» **Work instruction**:
Write out the following listing's lines from the one with "排队买小吃的居民浸在暖黄灯光里" to the one with "Kindergarten niños de", exactly, with both included and no others.

» **Information given**:
----

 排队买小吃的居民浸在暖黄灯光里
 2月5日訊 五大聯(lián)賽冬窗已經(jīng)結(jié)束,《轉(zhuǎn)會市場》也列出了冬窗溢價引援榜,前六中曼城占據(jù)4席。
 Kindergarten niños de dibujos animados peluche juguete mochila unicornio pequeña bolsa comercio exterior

----

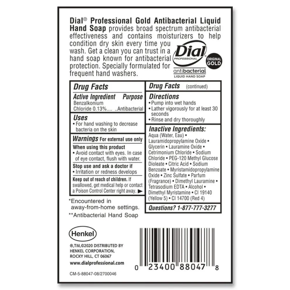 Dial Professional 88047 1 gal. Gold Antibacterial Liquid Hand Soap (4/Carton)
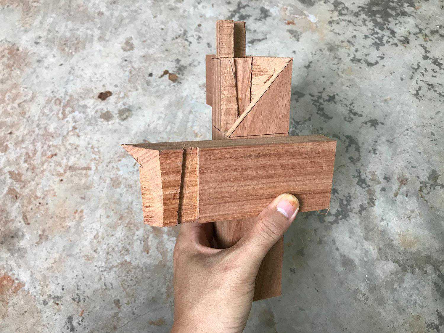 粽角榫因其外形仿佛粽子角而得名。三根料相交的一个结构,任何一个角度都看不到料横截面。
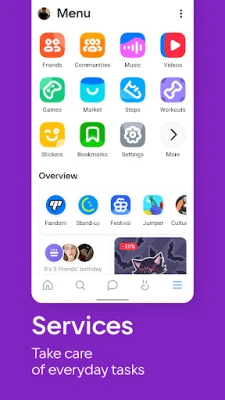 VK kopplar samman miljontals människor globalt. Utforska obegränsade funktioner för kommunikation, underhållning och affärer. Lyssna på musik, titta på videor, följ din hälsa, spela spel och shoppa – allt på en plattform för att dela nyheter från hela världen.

----

» **Task output**:
 排队买小吃的居民浸在暖黄灯光里
 2月5日訊 五大聯(lián)賽冬窗已經(jīng)結(jié)束,《轉(zhuǎn)會市場》也列出了冬窗溢價引援榜,前六中曼城占據(jù)4席。
 Kindergarten niños de dibujos animados peluche juguete mochila unicornio pequeña bolsa comercio exterior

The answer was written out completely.